▶ **Records drawn from a dataset**:
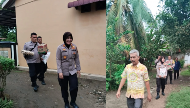 LABUHANBATU- Kanit Intel Polsek Panai Tengah IPDA Erik Rianto Hutabarat SH dengan sigap dan gerak cepat mengevakuasi warga yang pingsan akibat terlalu lama
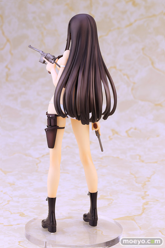 銃やブーツの造り込みと水着姿の無防備さのコントラストも魅力的。ずりあがった水着の紐に掛かる左手指など、細かな部分も忠実に再現いたしました。ぜひお手元でご堪能ください。
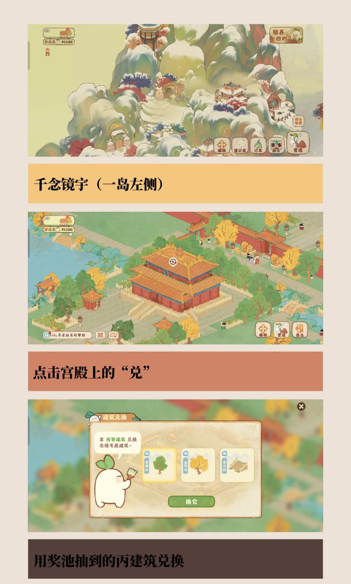 1.念境新增专属建筑兑换功能,消耗奖池内丙级建筑兑换专属丙级建筑「碧烟木」、「金羽木」、「青云阶」
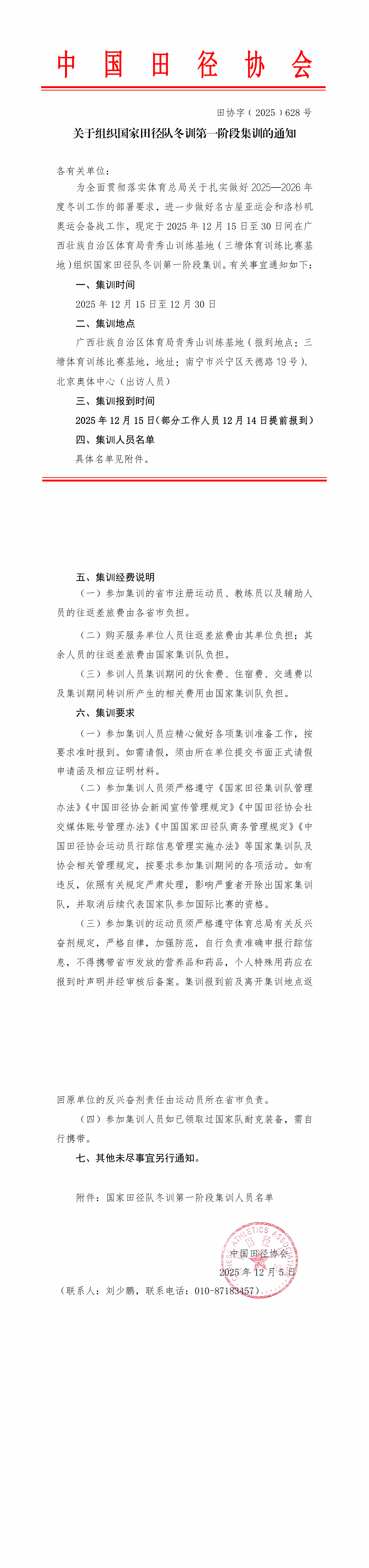 12月5日,中国田径协会正式公布2025—2026年度国家田径队冬训第一阶段集训人员名单,学校体育部教师田丰、孔玲瑶凭借过硬的执教能力、扎实的专业素养成功入选,助力国家田径队全力备战名古屋亚运会和洛杉矶奥运会。
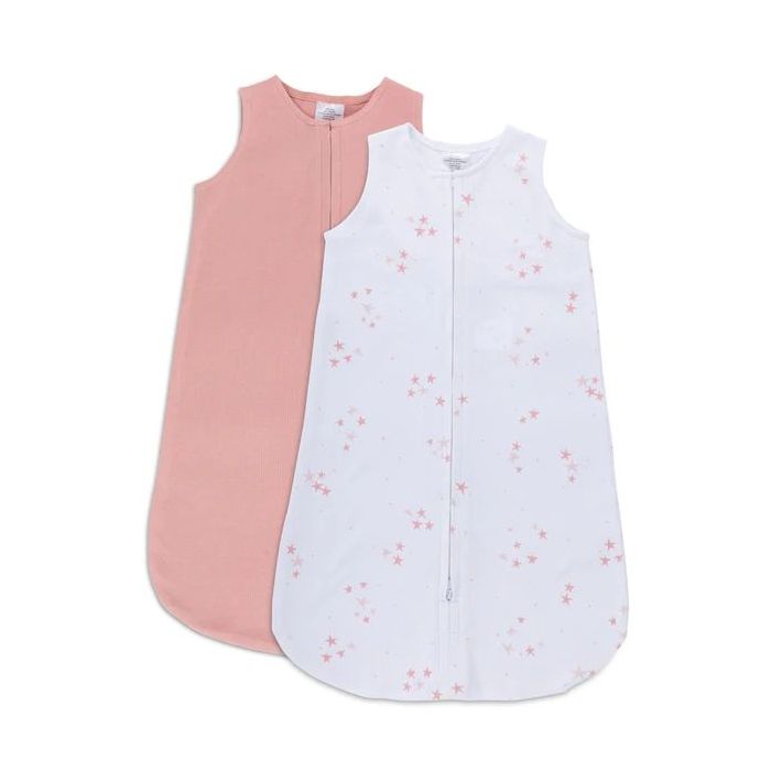 Ely's & Co Cotton Wearable Blanket Sleep Bag 2 Pack Pink Stars and Solid Pink Small 0-3 Months
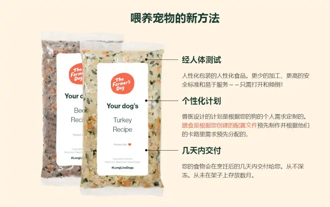 美国鲜食品牌The Farmer's Dog为用户提供定制化的食谱与配送服务,形成稳定的客户关系
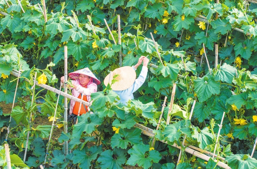 在秀英区东山镇马坡洋蔬菜基地,农户们正在瓜地里整理藤蔓。 本报记者 杨忠凯 摄
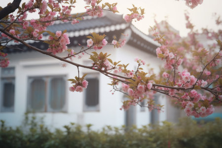 Pink cherry blossoms on a branch against dark background in classical Chinese garden
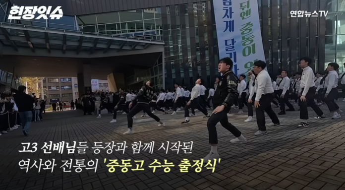'역사와 전통'을 자랑하는 서울 중동고등학교 학생들의 2024년도 수능 응원 퍼포먼스 장면, 사진= 연합뉴스 스틸 컷
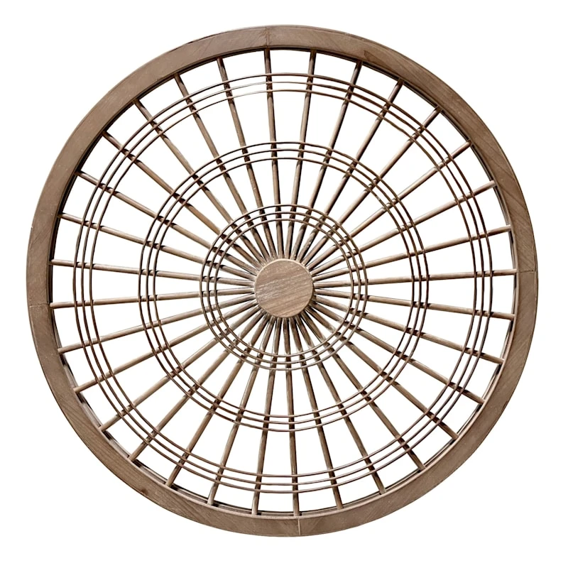 Modern farmhouse meets At Home prices in Honeybloom, our exclusive new brand that celebrates life lived together. Add a pinch of fun to your garden or patio with our 31in. natural manufactured wood framed round spoked medallion wall decor. Created with love, this simple hanging sculpture features a wonderful, rustic motif. Everyone will enjoy the sweet welcome. Made of faux wood, this wall art is designed to greet guests all season long.
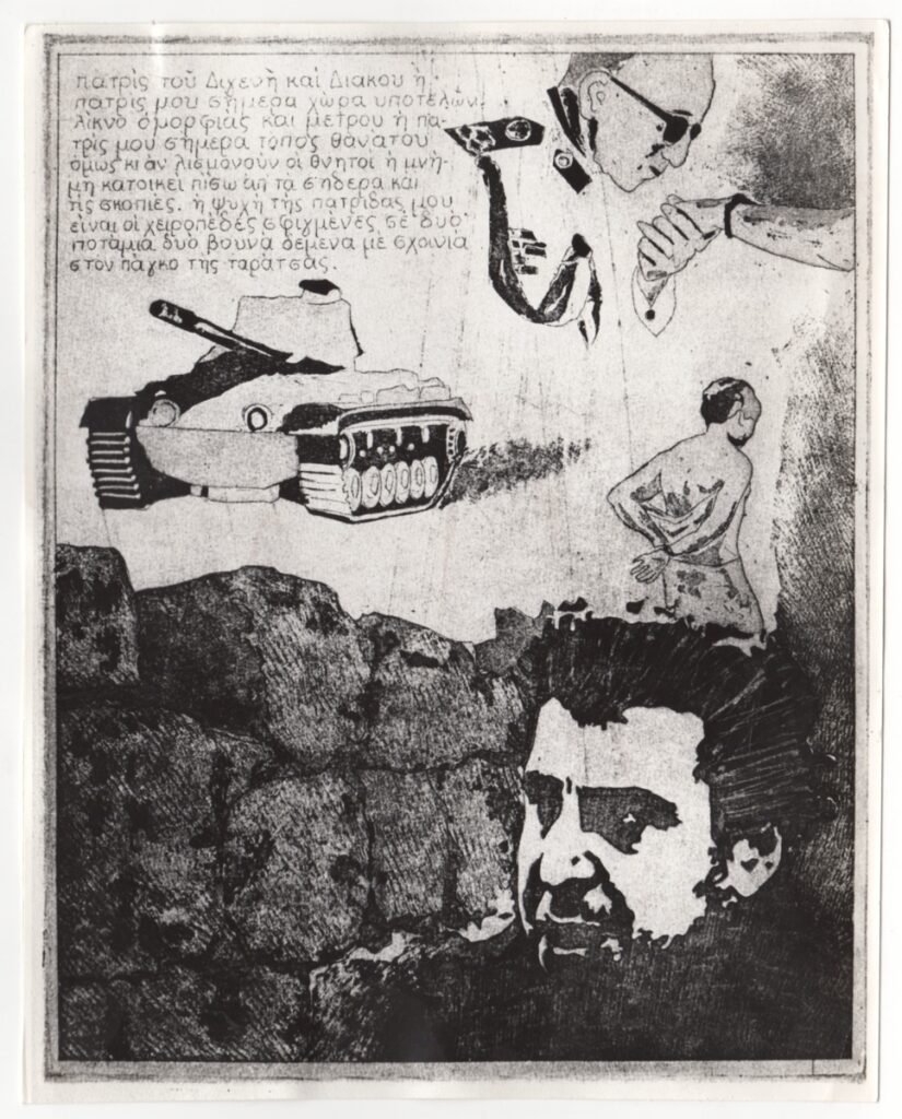 Φωτογραφία, α/μ, σε φωτογραφικό χαρτί, 21,7×17,2 εκ. Αναπαραγωγή έργου του χαράκτη Γιώργου Αργυράκη. Επάνω αριστερά απόσπασμα από το τραγούδι του Μίκη Θεοδωράκη “Στον Άγνωστο ποιητή”, από τον κύκλο Αρκαδία VI, που συνέθεσε κατά την περίοδο 1968-1969.
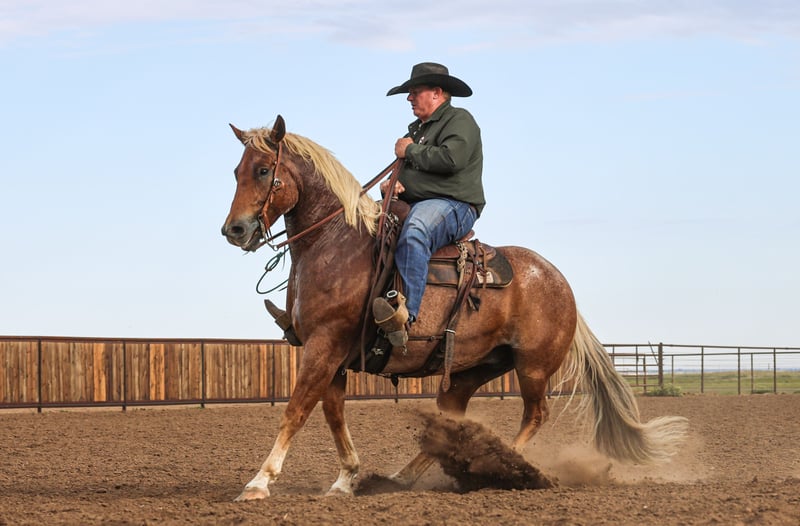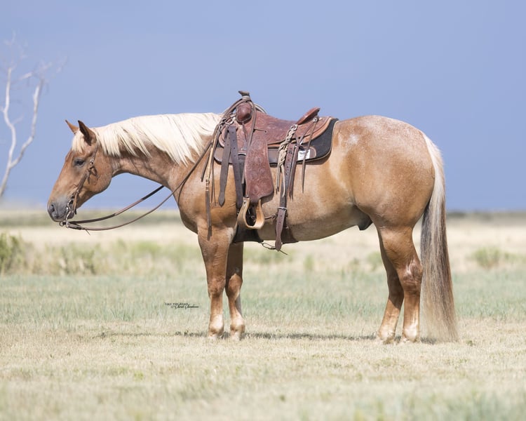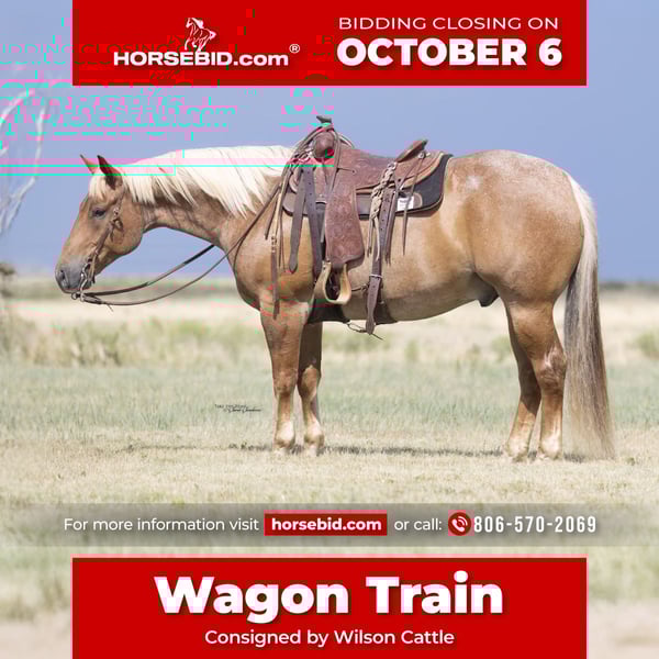 🍂 𝓐𝓾𝓽𝓾𝓶𝓷 𝑨𝑳𝑳 𝑺𝑻𝑨𝑹 𝑳𝑰𝑵𝑬𝑼𝑷 🍂 Happening now thru MONDAY | OCTOBER 6th - Available EXCLUSIVELY on HorseBid's website! For more details and to register visit: www.Horsebid.com CONSIGNOR CONTACT: Wilson Cattle 806-570-2069 LOCATION: Canyon, TX BREED: AQHA REGISTERED: Yes REGISTERED NAME: Bets Red COLOR: Red Roan HEIGHT: 15.1 AGE: 5 GENDER: Gelding Wagon Train is a 5 year old red roan gelding with a flaxen mane and tail. We purchased Wagon Train straight off of the legendary 6666s ranch as a 3 year old. He is by the great stallion “Bet Hesa Cat”. Who is sired by High Brow Cat, the NCHA's all-time leading sire, and out of Bet Yer Blue Boons, a millionaire producer. Wagon Train is a member of the last group of horses that went to the Road To The Horse from the 6666s ranch! If you have seen the advertisement from 2023 you have most likely seen him as he appeared as the face of Road To The Horse in numerous advertisements. We purchased Wagon Train shortly after and have done everything there is to do with one. Wagon Train is broke. He will turn around and stop. This horse can really run, not just kind of run! Wagon Train has seen the backside of big well-known ranches and been apart of big ranch brandings. Wagon Train is a big soggy gelding that is big enough to carry you all day and strong enough to pull a house down. He stands 15.1 and will weigh over 1,300 pounds. He is a go-getter. Wagon Train will stride out and cover country. He is one that will not wear down no matter how far you need to go. Wagon Train is well started on the head side and will drag his butt on the heel side. Our 12 year old nephew has used Wagon Train to gather cattle, sort cows from calves and load cattle on trucks. He has also headed on him in the arena. Wagon Train has never offered to buck or offered to even have a hump in his back. Wagon Train will always be the same horse every time you catch him. Wagon Train can be in a large group of horse, he will walk up to you and put his head down making him very easy to catch. When you bridle him he will put his head literally on the ground and accept the bit with ease. Wagon Train is a kind and gentle horse that comes with a lot of heart and try! Wagon Train is elegible for the following incentives: Royal Crown Roping, Riata Buckle, Gold Buckle Futurities, Ruby Buckle, and Royal Crown Barrel Racing among others. As always, we highly recommend that you come to our place and try him before the sale! Pre-purchase vet checks are always welcomed and encouraged. Look us up on social media of additional videos and pictures! Call anytime with questions. 940-268-6850

▶ **What this task involves**:
Word for word, write out the lines above running from the one with "Pink cherry blossoms" up to and including the one with "사진= 연합뉴스 스틸 컷". Drop any picture.

▶ **Result of this task**:
 Pink cherry blossoms on a branch against dark background in classical Chinese garden
'역사와 전통'을 자랑하는 서울 중동고등학교 학생들의 2024년도 수능 응원 퍼포먼스 장면, 사진= 연합뉴스 스틸 컷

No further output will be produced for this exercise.